What to produce: Below are entries; copy exactly the lines from the one with "This is a 2021" through the one with "Happy Condo Rachada", both included, and leave out the rest.

Task data:
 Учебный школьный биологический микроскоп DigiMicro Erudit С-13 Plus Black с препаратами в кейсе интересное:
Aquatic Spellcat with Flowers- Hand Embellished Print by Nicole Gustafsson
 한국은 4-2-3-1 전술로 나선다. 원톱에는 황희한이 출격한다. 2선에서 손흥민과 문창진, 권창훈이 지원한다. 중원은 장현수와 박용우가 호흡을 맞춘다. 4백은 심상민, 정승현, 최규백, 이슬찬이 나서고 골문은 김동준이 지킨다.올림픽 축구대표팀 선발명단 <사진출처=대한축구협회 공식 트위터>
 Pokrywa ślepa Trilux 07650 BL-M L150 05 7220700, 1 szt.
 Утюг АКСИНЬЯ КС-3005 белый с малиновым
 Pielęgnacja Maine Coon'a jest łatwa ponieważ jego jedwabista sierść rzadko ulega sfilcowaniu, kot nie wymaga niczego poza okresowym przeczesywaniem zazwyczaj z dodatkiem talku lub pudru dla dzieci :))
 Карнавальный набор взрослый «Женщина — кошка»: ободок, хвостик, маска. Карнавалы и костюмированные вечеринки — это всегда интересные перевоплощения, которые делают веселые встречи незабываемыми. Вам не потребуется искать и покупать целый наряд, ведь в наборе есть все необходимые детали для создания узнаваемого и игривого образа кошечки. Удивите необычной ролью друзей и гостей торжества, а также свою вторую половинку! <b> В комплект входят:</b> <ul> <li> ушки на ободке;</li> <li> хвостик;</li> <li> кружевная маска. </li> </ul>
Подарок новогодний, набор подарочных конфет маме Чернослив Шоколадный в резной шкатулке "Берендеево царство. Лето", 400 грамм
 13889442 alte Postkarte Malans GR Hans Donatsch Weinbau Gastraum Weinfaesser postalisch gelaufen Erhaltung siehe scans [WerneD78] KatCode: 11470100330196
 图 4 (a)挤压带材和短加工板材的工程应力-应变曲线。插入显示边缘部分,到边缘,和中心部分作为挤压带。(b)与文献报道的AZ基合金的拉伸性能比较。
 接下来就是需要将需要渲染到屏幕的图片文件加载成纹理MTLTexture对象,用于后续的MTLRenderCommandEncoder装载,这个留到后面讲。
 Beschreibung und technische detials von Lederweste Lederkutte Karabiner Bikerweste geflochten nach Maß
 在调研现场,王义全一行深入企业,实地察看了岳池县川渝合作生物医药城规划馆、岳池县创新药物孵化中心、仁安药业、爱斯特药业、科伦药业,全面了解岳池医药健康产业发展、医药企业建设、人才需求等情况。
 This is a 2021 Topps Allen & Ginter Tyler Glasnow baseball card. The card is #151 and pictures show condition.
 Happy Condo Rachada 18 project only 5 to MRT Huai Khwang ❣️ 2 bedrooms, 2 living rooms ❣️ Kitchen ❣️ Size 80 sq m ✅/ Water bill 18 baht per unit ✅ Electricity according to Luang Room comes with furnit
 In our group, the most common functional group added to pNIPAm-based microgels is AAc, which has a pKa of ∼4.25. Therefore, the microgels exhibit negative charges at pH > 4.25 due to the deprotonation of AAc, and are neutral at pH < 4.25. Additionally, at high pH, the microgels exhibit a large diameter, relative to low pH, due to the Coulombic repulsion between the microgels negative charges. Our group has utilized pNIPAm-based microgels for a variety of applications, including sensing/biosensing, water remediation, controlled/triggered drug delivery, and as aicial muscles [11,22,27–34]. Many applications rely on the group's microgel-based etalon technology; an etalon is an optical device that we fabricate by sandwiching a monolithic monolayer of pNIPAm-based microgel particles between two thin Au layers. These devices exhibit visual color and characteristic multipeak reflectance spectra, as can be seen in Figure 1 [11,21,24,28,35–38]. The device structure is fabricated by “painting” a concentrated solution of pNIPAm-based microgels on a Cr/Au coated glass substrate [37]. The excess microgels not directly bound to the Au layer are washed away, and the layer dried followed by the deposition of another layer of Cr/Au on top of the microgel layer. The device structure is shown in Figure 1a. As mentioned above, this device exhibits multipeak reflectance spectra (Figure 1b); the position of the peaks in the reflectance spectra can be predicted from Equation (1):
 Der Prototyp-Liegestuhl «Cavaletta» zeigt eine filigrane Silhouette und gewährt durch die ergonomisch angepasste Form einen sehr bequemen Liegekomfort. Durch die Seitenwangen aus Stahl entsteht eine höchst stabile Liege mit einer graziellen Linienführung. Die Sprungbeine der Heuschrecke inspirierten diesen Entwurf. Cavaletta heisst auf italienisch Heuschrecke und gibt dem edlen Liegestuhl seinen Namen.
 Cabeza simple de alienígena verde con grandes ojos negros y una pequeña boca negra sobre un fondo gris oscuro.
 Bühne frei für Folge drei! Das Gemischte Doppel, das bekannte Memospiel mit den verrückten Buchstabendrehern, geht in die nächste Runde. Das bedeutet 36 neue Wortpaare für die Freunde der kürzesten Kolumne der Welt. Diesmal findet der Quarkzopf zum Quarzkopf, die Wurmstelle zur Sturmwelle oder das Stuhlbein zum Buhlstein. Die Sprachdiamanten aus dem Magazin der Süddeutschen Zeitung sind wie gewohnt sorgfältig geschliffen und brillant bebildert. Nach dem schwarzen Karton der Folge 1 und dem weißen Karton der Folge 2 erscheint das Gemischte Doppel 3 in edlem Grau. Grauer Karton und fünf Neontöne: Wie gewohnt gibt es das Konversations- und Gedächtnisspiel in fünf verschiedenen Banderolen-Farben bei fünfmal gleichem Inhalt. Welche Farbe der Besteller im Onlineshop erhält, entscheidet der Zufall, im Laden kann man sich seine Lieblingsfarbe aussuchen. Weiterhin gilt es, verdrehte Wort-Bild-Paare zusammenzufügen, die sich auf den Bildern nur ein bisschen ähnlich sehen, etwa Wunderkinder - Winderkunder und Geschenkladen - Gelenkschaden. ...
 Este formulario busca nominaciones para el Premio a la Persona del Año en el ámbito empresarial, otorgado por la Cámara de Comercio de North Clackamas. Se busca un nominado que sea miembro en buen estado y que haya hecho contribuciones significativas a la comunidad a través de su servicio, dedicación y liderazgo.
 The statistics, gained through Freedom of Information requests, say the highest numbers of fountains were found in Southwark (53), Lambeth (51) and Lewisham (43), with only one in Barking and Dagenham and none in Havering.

Your solution:
 This is a 2021 Topps Allen & Ginter Tyler Glasnow baseball card. The card is #151 and pictures show condition.
 Happy Condo Rachada 18 project only 5 to MRT Huai Khwang ❣️ 2 bedrooms, 2 living rooms ❣️ Kitchen ❣️ Size 80 sq m ✅/ Water bill 18 baht per unit ✅ Electricity according to Luang Room comes with furnit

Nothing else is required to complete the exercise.